• Work required
Using the listing below, give again exactly the lines from the line with "This is a stand" to the line with "DİPPO DOLGULU YUMUŞAK", inclusive, without the pictures.

• The data

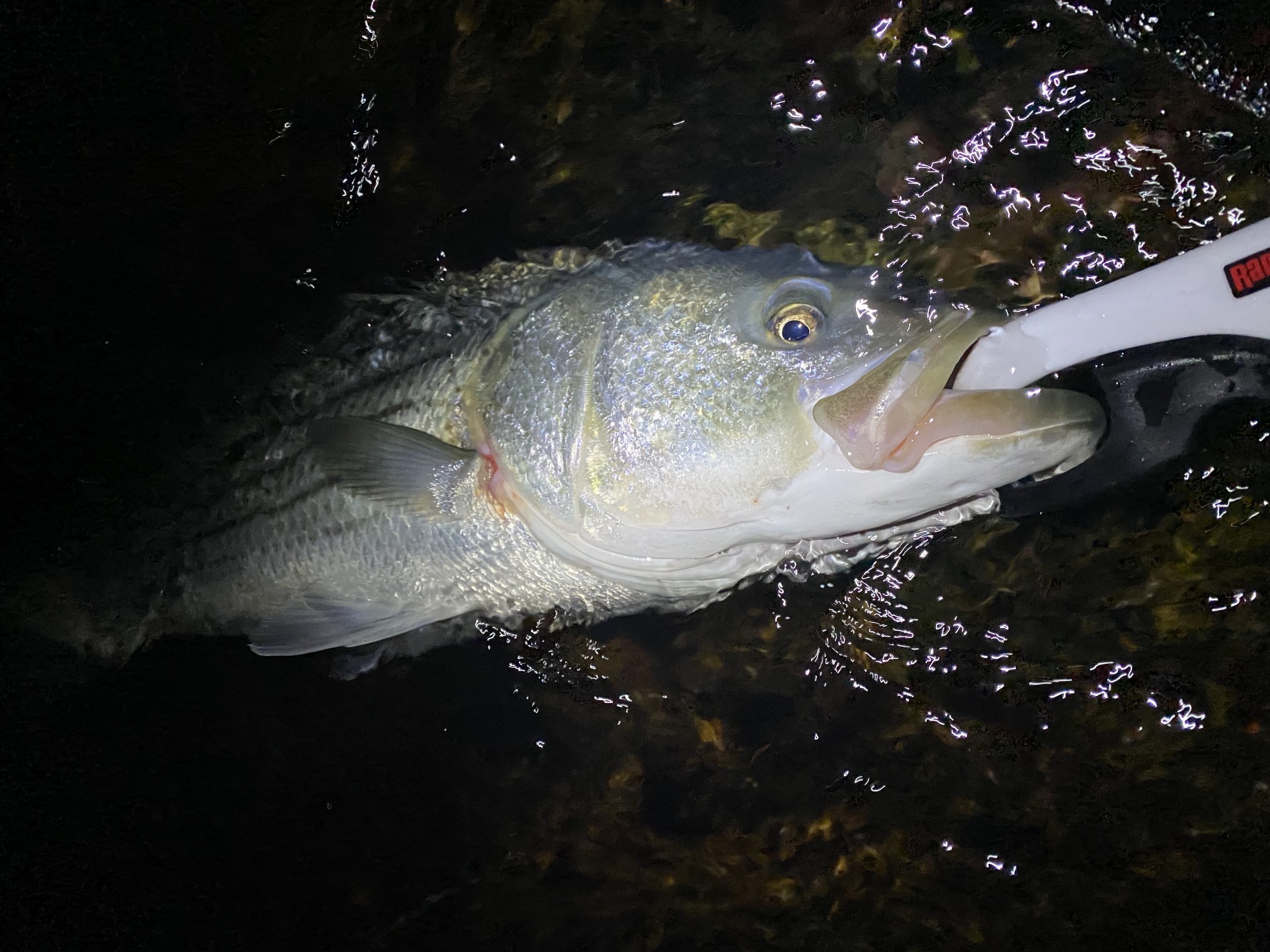 Hit the breachway for Stripers…and landed this acrobatic fish…what a blast…on 8wt fly rod and a grey an white Clouser…headed back for more.
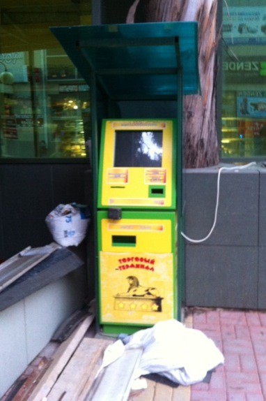 Там где виадук (мост через дорогу), переходить дорогу не надо, подниметесь по лестнице на Голубые Дали и сразу увидите магазинчик «Мария» и этот автомат.
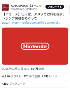 【悲報】任天堂、関税に激怒、アメリカ政府を提訴する
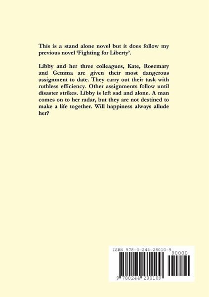 This is a stand alone novel but it does follow my previous novel 'Fighting for Liberty'. Libby and her three colleagues, Kate, Rosemary and Gemma are given their most dangerous assignment to date. They carry out their task with ruthless efficiency. Other assignments follow until disaster strikes. Libby is left sad and alone. A man comes on to her radar, but they are not destined to make a life together. Will happiness always allude her?
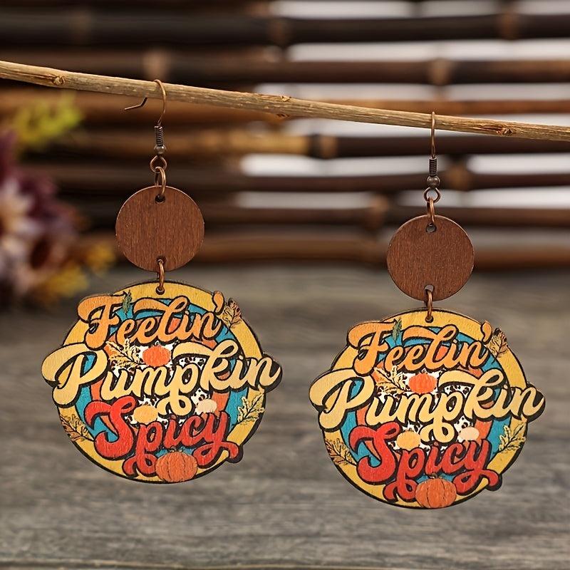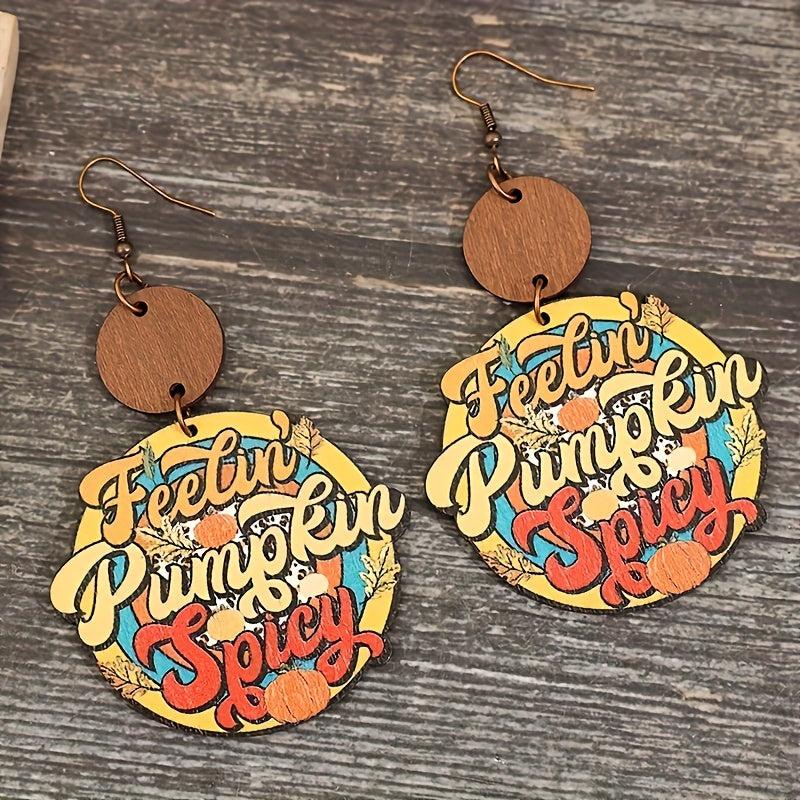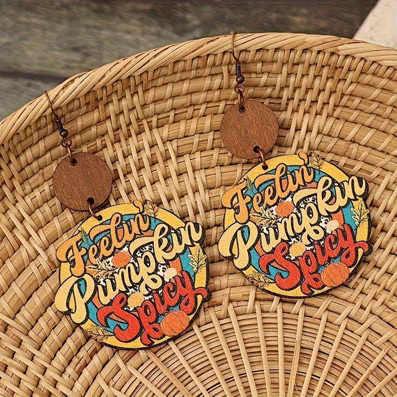 Add a touch of autumn charm with these festive pumpkin spicy round wooden earrings. Perfect for Thanksgiving and fall season, these earrings have a rustic feel to them.
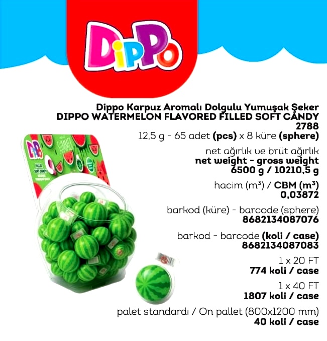 DİPPO DOLGULU YUMUŞAK ŞEKER KARPUZ (ADET FİYATI 9.5 TL'DİR. KÜRE İÇİ 65 ADETTİR.)
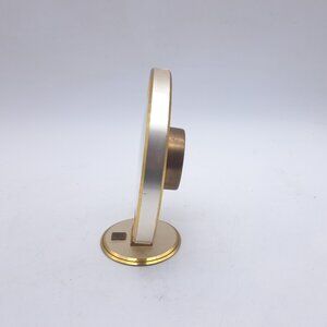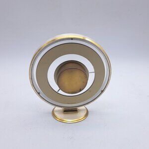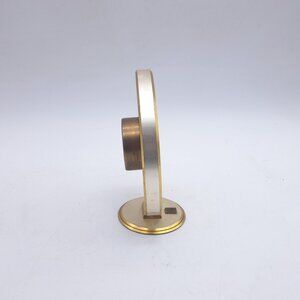 A vintage battery powered clock made by General Electric in the former West Germany before reunification in the 1990s (the front says made in Germany and the rear says West Germany). It is circular and has the hours in Roman numerals; I ran it for a day and it gained or lost no time. It uses brass on its front, base and on the rear. It takes a LR1 1.5V battery which I included (its a PK cell so I don't know how long it will last).
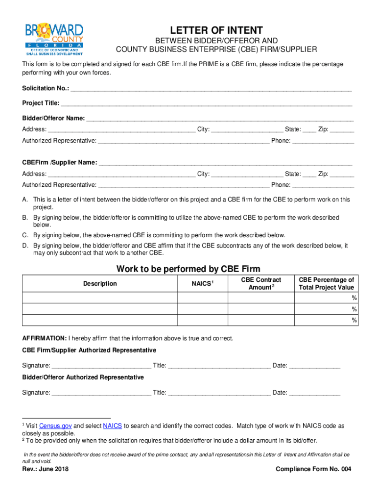Toward COUNTY FLORIDA OFFICE OF ECONOMIC AND SMALL BUS LESS DEVELOPMENTLETTER OF INTENT BETWEEN BIDDER/OFFER OR AND COUNTY BUSINESS ENTERPRISE (CBE) FIRM/Suppliers form is to be completed and signed
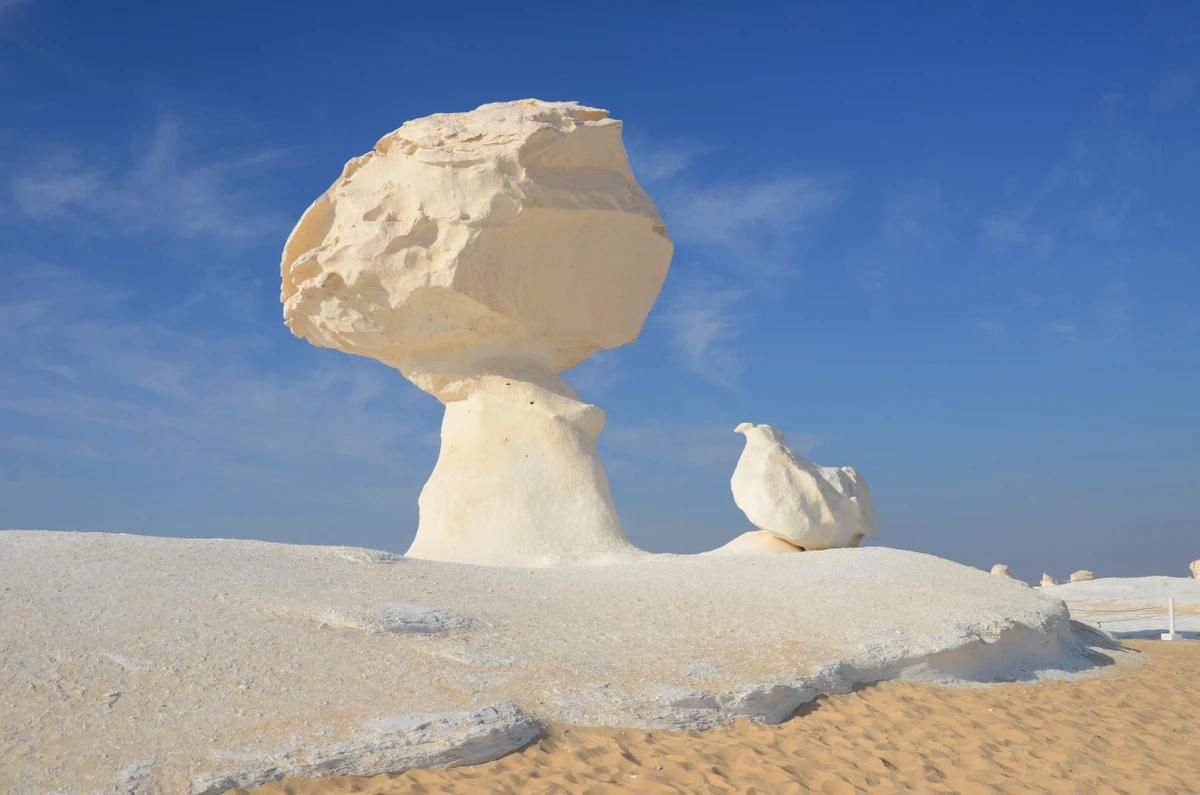 Приглашаем вас ненадолго оставить шум Каира и отправиться в сердце Сахары на встречу с сюрреалистическими мирами, созданными лучшим художником и скульптором — природой. Вас ждут максимально контрастные пейзажи: в Белой пустыне — белоснежные карстовые изваяния, причудливо застывшие в форме грибов, птиц, шаров, а в Чёрной — покрытые застывшей лавой и пеплом древнего вулкана Туфу мрачные конусы. Вы сможете стать частью этого фантастического уголка, оставшись ночевать в кемпинге среди дюн. Обратите внимание: это видовая поездка с англоязычным водителем без экскурсионной составляющей.

• Written reply
 This is a stand alone novel but it does follow my previous novel 'Fighting for Liberty'. Libby and her three colleagues, Kate, Rosemary and Gemma are given their most dangerous assignment to date. They carry out their task with ruthless efficiency. Other assignments follow until disaster strikes. Libby is left sad and alone. A man comes on to her radar, but they are not destined to make a life together. Will happiness always allude her?
 Add a touch of autumn charm with these festive pumpkin spicy round wooden earrings. Perfect for Thanksgiving and fall season, these earrings have a rustic feel to them.
 DİPPO DOLGULU YUMUŞAK ŞEKER KARPUZ (ADET FİYATI 9.5 TL'DİR. KÜRE İÇİ 65 ADETTİR.)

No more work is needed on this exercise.